* WHAT YOU ARE ASKED TO DO
Could you please write out each line of the records exactly, minus the pictures?

··········

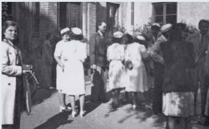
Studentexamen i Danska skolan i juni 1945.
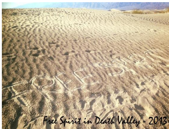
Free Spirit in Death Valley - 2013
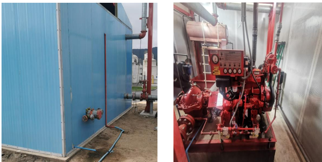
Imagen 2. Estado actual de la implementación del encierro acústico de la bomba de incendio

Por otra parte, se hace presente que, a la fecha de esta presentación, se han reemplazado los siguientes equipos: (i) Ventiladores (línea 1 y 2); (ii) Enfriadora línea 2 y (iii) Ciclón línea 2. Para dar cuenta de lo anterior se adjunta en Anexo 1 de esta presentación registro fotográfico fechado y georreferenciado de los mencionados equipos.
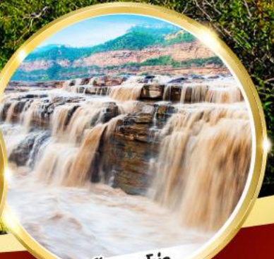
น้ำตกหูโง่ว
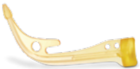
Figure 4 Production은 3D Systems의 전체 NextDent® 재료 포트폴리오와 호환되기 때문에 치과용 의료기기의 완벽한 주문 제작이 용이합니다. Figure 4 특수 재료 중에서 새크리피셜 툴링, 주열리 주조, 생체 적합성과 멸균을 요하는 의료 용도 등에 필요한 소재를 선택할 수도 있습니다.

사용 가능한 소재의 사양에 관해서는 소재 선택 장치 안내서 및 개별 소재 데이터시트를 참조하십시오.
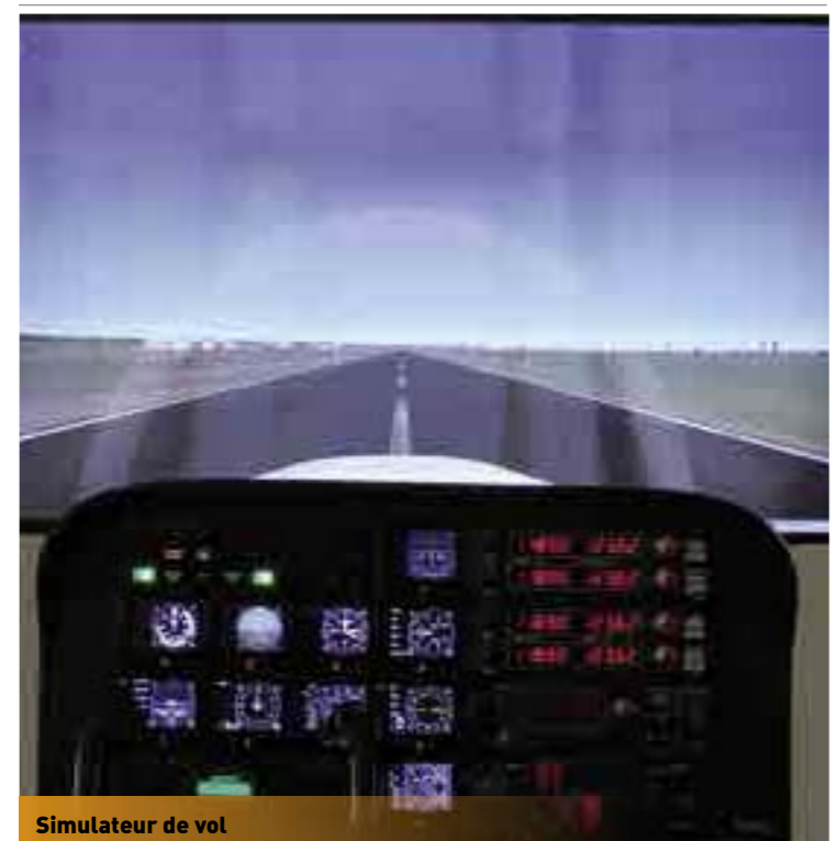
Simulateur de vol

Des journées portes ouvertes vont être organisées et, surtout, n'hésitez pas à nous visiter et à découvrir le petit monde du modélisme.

··········

* SOLVED EXERCISE
Studentexamen i Danska skolan i juni 1945.
Free Spirit in Death Valley - 2013
Imagen 2. Estado actual de la implementación del encierro acústico de la bomba de incendio

Por otra parte, se hace presente que, a la fecha de esta presentación, se han reemplazado los siguientes equipos: (i) Ventiladores (línea 1 y 2); (ii) Enfriadora línea 2 y (iii) Ciclón línea 2. Para dar cuenta de lo anterior se adjunta en Anexo 1 de esta presentación registro fotográfico fechado y georreferenciado de los mencionados equipos.
น้ำตกหูโง่ว
Figure 4 Production은 3D Systems의 전체 NextDent® 재료 포트폴리오와 호환되기 때문에 치과용 의료기기의 완벽한 주문 제작이 용이합니다. Figure 4 특수 재료 중에서 새크리피셜 툴링, 주열리 주조, 생체 적합성과 멸균을 요하는 의료 용도 등에 필요한 소재를 선택할 수도 있습니다.

사용 가능한 소재의 사양에 관해서는 소재 선택 장치 안내서 및 개별 소재 데이터시트를 참조하십시오.
Simulateur de vol

Des journées portes ouvertes vont être organisées et, surtout, n'hésitez pas à nous visiter et à découvrir le petit monde du modélisme.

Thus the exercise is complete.